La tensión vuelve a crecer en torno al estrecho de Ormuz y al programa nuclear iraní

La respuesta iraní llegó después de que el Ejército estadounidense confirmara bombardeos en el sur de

* * *

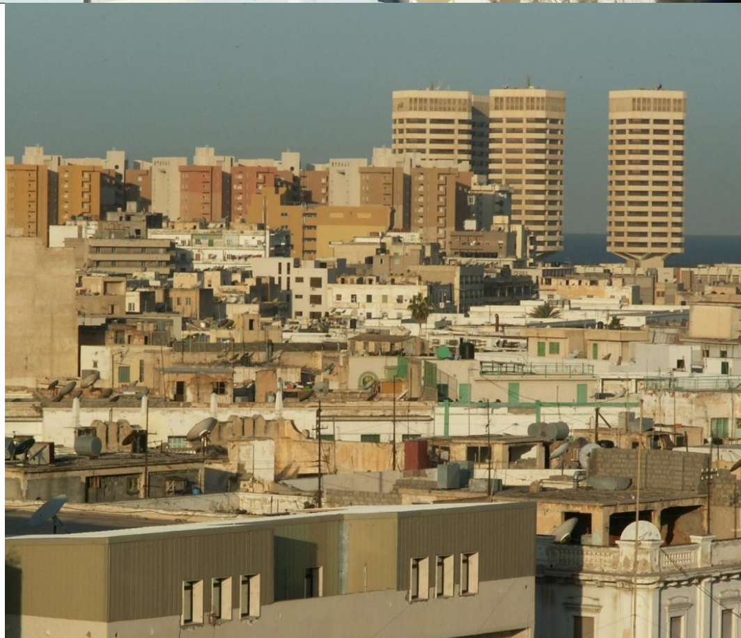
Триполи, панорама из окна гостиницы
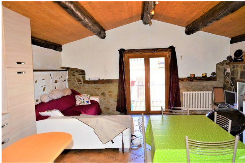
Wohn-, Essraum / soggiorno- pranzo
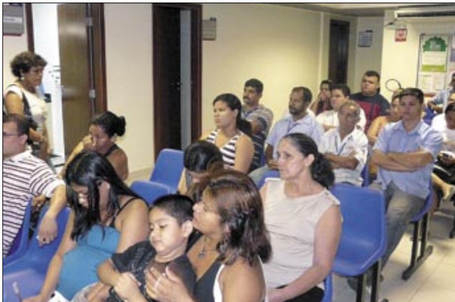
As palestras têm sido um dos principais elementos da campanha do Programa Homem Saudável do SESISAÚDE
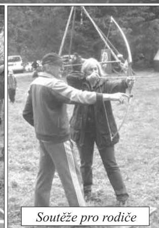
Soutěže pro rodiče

...

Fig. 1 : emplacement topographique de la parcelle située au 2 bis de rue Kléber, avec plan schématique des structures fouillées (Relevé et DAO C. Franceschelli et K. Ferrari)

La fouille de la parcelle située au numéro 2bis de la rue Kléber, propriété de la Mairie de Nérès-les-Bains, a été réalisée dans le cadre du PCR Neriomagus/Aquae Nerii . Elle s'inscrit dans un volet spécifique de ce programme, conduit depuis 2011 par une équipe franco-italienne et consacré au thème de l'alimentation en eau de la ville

→ Problem description
In the data above, find the line containing "Wohn-, Essraum / soggiorno- pranzo" and the line containing "Soutěže pro rodiče". Copy exactly the stretch from the first through the second, both included, leaving out any picture.

→ Expected answer
Wohn-, Essraum / soggiorno- pranzo
As palestras têm sido um dos principais elementos da campanha do Programa Homem Saudável do SESISAÚDE
Soutěže pro rodiče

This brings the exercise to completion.